The dollar doesn’t stretch as far as it used to when it comes to homebuying.
A San Diego homebuyer with a $3,000 monthly budget can afford a 931-square-foot home at today’s 6.7% mortgage rate, down from the 1,366-square-foot home the same buyer could afford a year ago when rates were still sitting near 3%, according to a new report.
The report from Redfin analyzed the median square footage of homes affordable on a $3,000 monthly budget, based on list prices, mortgage rates, and the supply of homes for sale on Sept. 29, 2022, versus Sept. 30, 2021.
A 435-square-foot difference in San Diego is the biggest of the 50 most populous U.S. metros for buyers with a $3,000 monthly budget.
Still, the sharp and sudden increase in mortgage rates to their highest level in 15 years is cutting into homebuyer budgets across the nation. High rates make everyone’s monthly housing payments significantly more expensive, especially because home-sale prices in most areas are still higher than they were a year ago.
“Soaring mortgage rates are throwing a wrench into prospective buyers’ plans,” said Redfin Senior Economist Sheharyar Bokhari. “Many would-be buyers are dropping out of the market because they can no longer afford the home they want, resulting in a dramatic dip in home sales."
"For buyers who need a home right now — and can still afford it — compromise is the name of the game," Bokhari added. "Some buyers will choose to sacrifice on location or move further away from the city center so they can get the space they want, while others will settle on a smaller home in their ideal location.”
Redfin economists say rising mortgage rates should theoretically cause home prices to fall enough to compensate for the additional monthly interest cost, which would mean buyers could afford the same-sized home. But while home prices have fallen from their 2022 peak in most metros, they haven’t fallen from a year ago anywhere except the Bay Area and a few other places. That’s mainly due to the lack of homes for sale.
In San Diego, home prices were up 7% year-over-year in August, rising from a median of $749,000 to $800,000. Homebuyers’ monthly housing payments would be more expensive even without higher mortgage rates, but with rates more than doubling, they’re significantly more expensive. A San Diego buyer purchasing the median-priced home today would pay more than $5,000 per month with a 6.7% rate, up from about $3,500 for last year’s median-priced home with a 3% rate. Ultimately, this means buyers need to search for cheaper homes, which typically translates to smaller ones.
Newark, N.J., had the biggest decline in the size homes buyers could afford, after San Diego.

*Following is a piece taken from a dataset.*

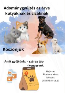 Állatvédelmi témahét | szeptember 30.-október 4. | Figyelemfelhívás, aktív programok szervezése | 1.-4. évfolyam | osztályfőnökök |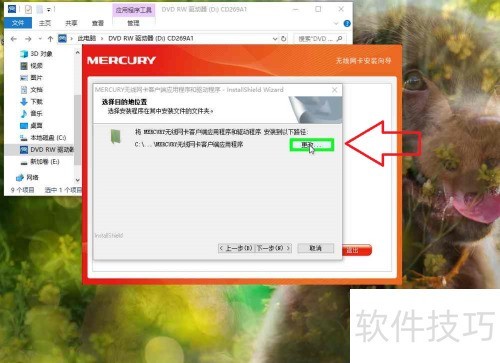 14、 在MERCURY无线网卡客户端应用程序和驱动程序 - InstallShield向导界面中,用鼠标左键点击更改...按钮。

A Newark buyer on a $3,000 monthly budget can afford a 1,726-square-foot home today, down from 2,156 square feet last year.
Following that Nassau County, N.Y., dropped from 1,712 square feet to 1,300 square feet; Denver (1,571, down from 1,933), and Portland, Ore. (1,504, down from 1,800) round out the top five.
Rising mortgage rates impact home sizes and affordability differently in different metros because both prices and annual price growth vary depending on location. The mix of homes available to buy also differs across metro areas, and from one year to the next.
In 29 of the 50 metros in Redfin’s analysis, mortgage rates more than doubling has cut at least 100 square feet out of the homes in would-be buyers’ price range. The typical home affordable on a $3,000 budget is under 1,000 square feet in six of the metros in the analysis: San Diego, San Jose, Anaheim, Oakland, and San Francisco in California, and New York. A year ago, only San Francisco fell into that category.